Another paper not yet written up regards the formal similarities between conservation of energy in physics and conservation of evidence (i.e. avoidance of double counting of evidence) in logic.   One can view energy as the form that observation takes in a certain logic (that has observational semantics), and then physical dynamics as a process of derivation in this logic, with the consistency of the logic depending on the conservation of energy (which avoids double-counting evidence).

Extending this physics-ish line of thinking in a direction that also encompasses the cognitive, was a recent paper with a messy title:

The basic idea here was to come up with physics-ish "dynamical laws of cognition" by replacing Shannon algorithm in MaxEnt type principles, with algorithmic information.     Not yet done is to extend this to graphtropy -- by extending Maximum Caliber Principle to distinction graphs that evolve over time, and then creating a corresponding form of Maximal Algorithmic Caliber that works with Combinatorial Decision Dags whose primitives are observations in a distinction graph.

The "maximum caliber principle" is extended to a "maximum algorithmic caliber principle" that characterizes the possible worlds most likely to accord with a given set of observations -- one should assume the world has evolved with the maximum algorithmic caliber consistent with observations (basically, the most computationally dense way consistent with observations).   Basically, this just means that if you don't know how the world has made your observations come about, you need to make some assumption.   Lacking some simplicity prior, there are more possible worlds involving a lot of distinctions than a few, so the odds will be high (based on simple Principle of Indifference type symmetry arguments) that the underlying reality makes a lot of distinctions.   Given a simplicity prior, the most likely worlds will be the ones that make about as many distinctions as the prior considers in the "reasonably likely" range.

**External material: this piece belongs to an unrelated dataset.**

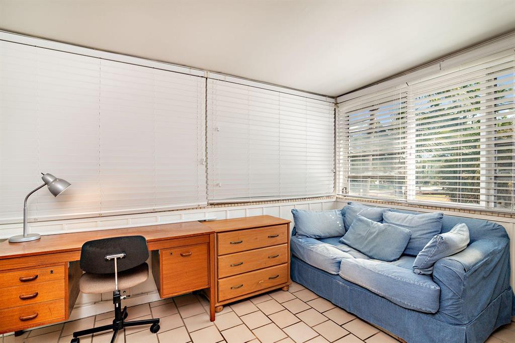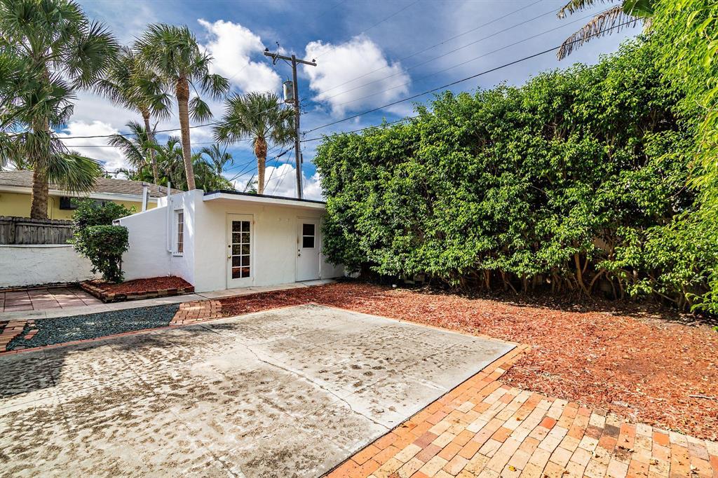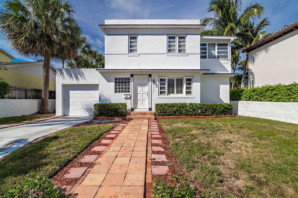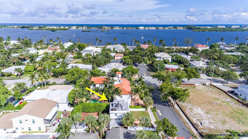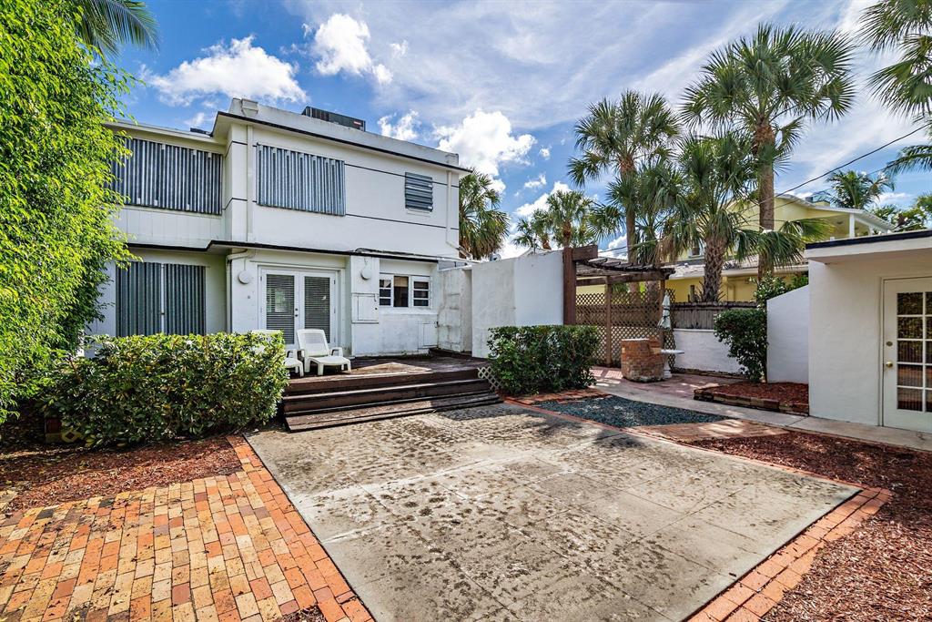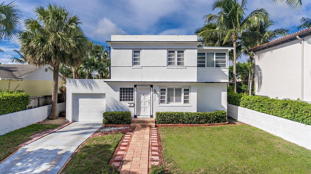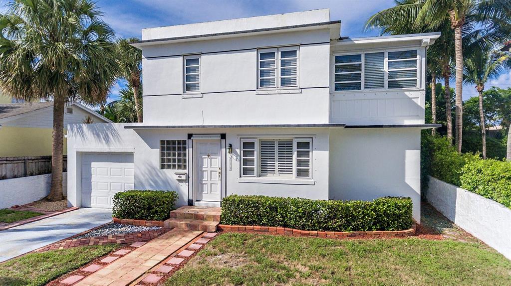 South of Southern, 2 or 3 bedroom, 2 bath residence shines with Art Deco details & Mid-Century Modern charm. Built on an elevated lot & East of Olive! Vintage style with linear & modernistic details. Glass block window & original hardwood floors flow through the open living & dining rooms into a downstairs den/office/bedroom. French doors lead to a large deck, second bathroom & spacious yard with room for a pool. The kitchen has custom wood cabinets, granite counter-tops, double bowl white enamel sink & matching appliances plus a pantry! Upstairs are two bedrooms, bath & generous sun room off the master. Detached building with laundry & storage. This home is ready to be shined back to perfection. Open the front door & enjoy the Intracoastal view down the street from this great location

Algorithmic Markov processes, the algorithmic-information analogue of ordinary statistical Markov processes, turn out to be the most rational hypothesis to use when inferring processes based on data.   There are more possible processes similar to an algorithmic Markov process that obey your given constraints, than any other sort of processes.    If you looked in the mind of a near maximally generally intelligent AIXI-tl type agent, you would see that it was implicitly or explicitly making the assumption that the world is often roughly an algorithmic Markov process.

To move from these highly general "laws of mind" toward laws of human-like mind one needs to look at the special situations for which human-like minds evolved.   In the paper

I suggest that symmetries and other regularities in the environments and goals that an intelligence needs to deal with, should be mappable via (uncertain) morphisms into corresponding symmetries/regularities in the structure and dynamics of the intelligent system itself.   I roughly formalize this correspondence in terms of category theory (which ultimately needs an intuitionistic probability-like quantity like the one I mentioned above, which however I only discovered/invented a few years after writing the Mind-World Correspondence paper).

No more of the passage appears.